◆ **Exercise brief**
Please output, exactly and without pictures, the lines from the opening of the listing below through the line containing "Pfeiffer, C. Arthur, active", both included.

◆ **Data shown**
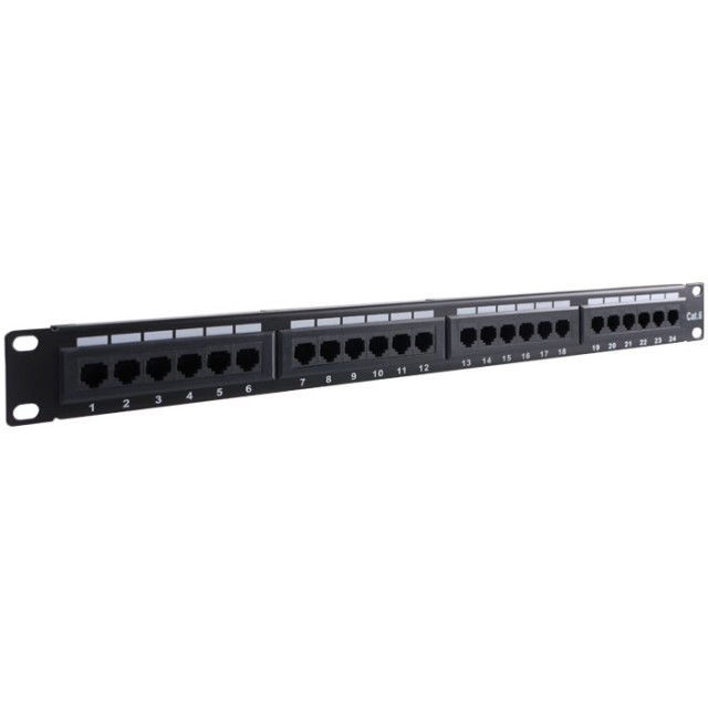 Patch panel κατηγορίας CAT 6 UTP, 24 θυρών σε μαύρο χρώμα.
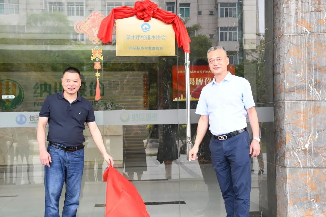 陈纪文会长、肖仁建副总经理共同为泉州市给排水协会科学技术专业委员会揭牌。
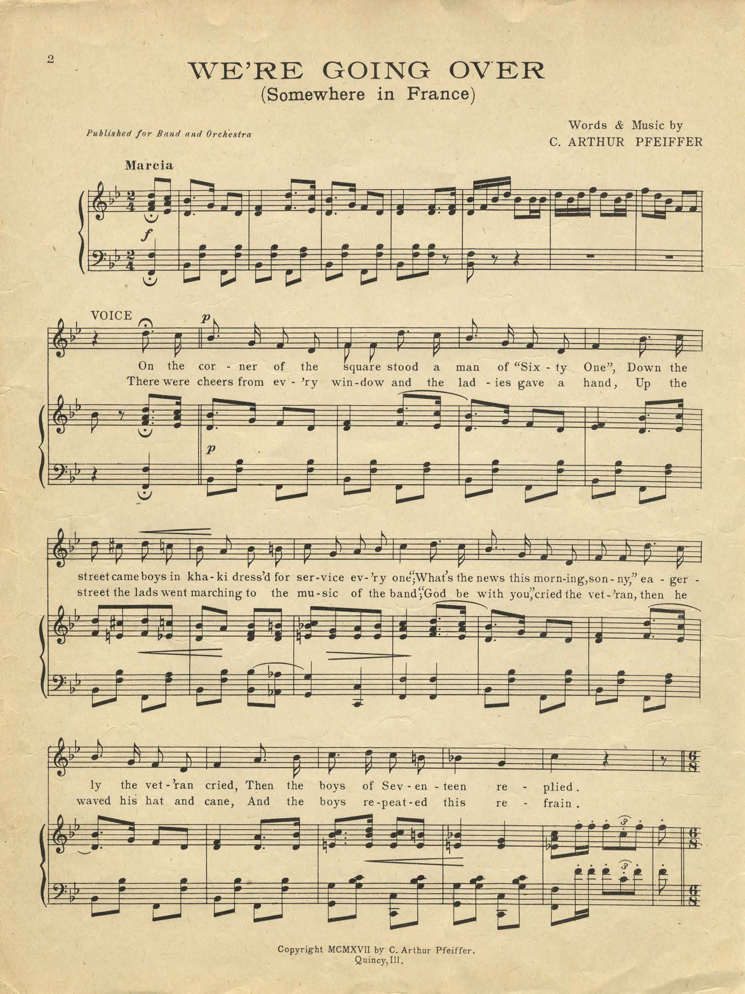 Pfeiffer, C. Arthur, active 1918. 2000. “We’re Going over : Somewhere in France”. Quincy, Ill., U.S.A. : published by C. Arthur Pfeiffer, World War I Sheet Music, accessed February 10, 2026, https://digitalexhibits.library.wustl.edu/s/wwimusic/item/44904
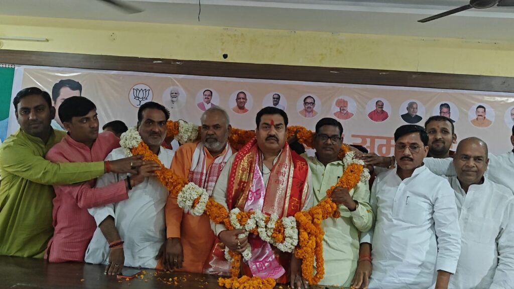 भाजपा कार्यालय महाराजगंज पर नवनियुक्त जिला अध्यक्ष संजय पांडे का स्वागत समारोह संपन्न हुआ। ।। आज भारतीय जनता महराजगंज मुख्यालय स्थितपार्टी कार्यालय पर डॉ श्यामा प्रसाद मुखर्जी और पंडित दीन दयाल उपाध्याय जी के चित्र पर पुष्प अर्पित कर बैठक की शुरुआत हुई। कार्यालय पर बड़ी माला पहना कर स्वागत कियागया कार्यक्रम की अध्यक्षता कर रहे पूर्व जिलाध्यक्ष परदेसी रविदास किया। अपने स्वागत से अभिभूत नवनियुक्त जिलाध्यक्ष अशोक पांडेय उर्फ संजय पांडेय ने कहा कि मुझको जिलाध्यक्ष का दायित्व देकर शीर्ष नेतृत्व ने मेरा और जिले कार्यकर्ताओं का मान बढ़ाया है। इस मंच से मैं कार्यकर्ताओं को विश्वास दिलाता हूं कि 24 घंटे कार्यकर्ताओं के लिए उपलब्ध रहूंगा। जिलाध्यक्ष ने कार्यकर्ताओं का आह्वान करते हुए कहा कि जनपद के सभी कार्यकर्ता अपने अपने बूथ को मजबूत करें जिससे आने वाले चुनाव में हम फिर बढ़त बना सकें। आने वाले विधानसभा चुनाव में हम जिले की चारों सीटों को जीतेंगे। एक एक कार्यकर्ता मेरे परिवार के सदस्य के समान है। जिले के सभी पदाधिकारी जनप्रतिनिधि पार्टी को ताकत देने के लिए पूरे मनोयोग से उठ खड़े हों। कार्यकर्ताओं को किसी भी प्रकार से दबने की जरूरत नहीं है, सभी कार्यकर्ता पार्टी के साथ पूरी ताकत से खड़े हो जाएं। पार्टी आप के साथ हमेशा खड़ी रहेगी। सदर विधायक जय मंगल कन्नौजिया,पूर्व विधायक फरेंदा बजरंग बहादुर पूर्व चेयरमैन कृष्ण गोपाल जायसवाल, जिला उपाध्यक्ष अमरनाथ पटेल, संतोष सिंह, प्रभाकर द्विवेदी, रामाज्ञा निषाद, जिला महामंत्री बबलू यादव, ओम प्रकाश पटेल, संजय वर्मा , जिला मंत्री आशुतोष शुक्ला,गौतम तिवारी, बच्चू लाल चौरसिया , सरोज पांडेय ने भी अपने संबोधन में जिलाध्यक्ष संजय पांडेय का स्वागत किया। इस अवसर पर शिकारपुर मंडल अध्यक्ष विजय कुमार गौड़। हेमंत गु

◆ **Exercise answer**
 Patch panel κατηγορίας CAT 6 UTP, 24 θυρών σε μαύρο χρώμα.
 陈纪文会长、肖仁建副总经理共同为泉州市给排水协会科学技术专业委员会揭牌。
 Pfeiffer, C. Arthur, active 1918. 2000. “We’re Going over : Somewhere in France”. Quincy, Ill., U.S.A. : published by C. Arthur Pfeiffer, World War I Sheet Music, accessed February 10, 2026, https://digitalexhibits.library.wustl.edu/s/wwimusic/item/44904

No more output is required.